Важно отметить, однако, что определенные формы антибольшевизма, основывавшиеся, и притом однозначно, как раз на ностальгическом аффекте, поэт тоже воспринимал как некое одичание [64]. Об их глашатаях он писал в конце 1917 г.: «Они дерзают говорить за родину, но непохож на голос матери их бездушный, металлический голос» [65].
Попытка Иванова ужиться с советским режимом была не то чтобы уж совсем добровольной; как-никак, ему было отказано в разрешении выехать за границу, когда он просил об этом для лечения его жены Веры Шварсалон, медленно погибавшей от скоротечной чахотки среди тягот разрухи (точнее, разрешение уже было дано и в самый последний момент без мотивировок взято назад, что усиливает кромешность происшедшего). В эту пору поэт навещал обреченную Веру и больных детей в Серебряном Бору; поездки по бездорожью в санях и переживание беды — тема его «Зимних сонетов», поразивших современников чистотой и строгостью тона.

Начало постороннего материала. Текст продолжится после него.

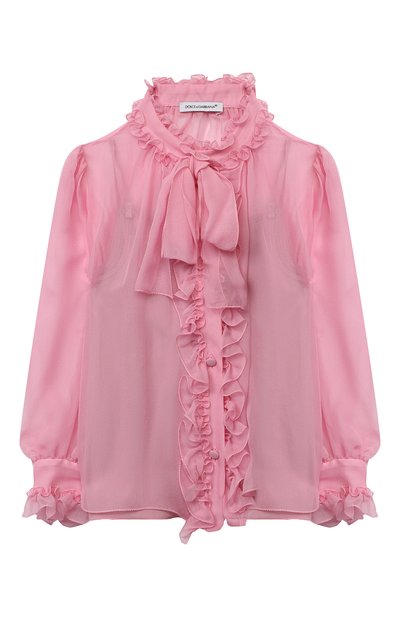 По-девичьи застенчивый оттенок этой блузы, дополненной подкладкой-топом в тон, словно позаимствовали у клубничного сорбета. Романтичное настроение модели из тонкого воздушного шифона поддерживают рельефные рюши и воротник аскот с длинными лентами, которые можно завязать на бант.

«…Если бы он написал только 'Зимние сонеты', и тогда он был бы драгоценнейшим поэтом современности, — читаем мы у одного из самых оригинальных литературоведов и критиков русской эмиграции кн. Д. П. Святополк-Мирского. — В них есть совершенство иного порядка, чем в' Двенадцати', совершенство высокой аскетики. /…/Но замечательно не столько это, сколько чистота проникающего их индивидуального духа. Это очищенное до последней чистоты мужество человека, стоящего лицом к лицу со смертью, Небытием и Вечностью» [66].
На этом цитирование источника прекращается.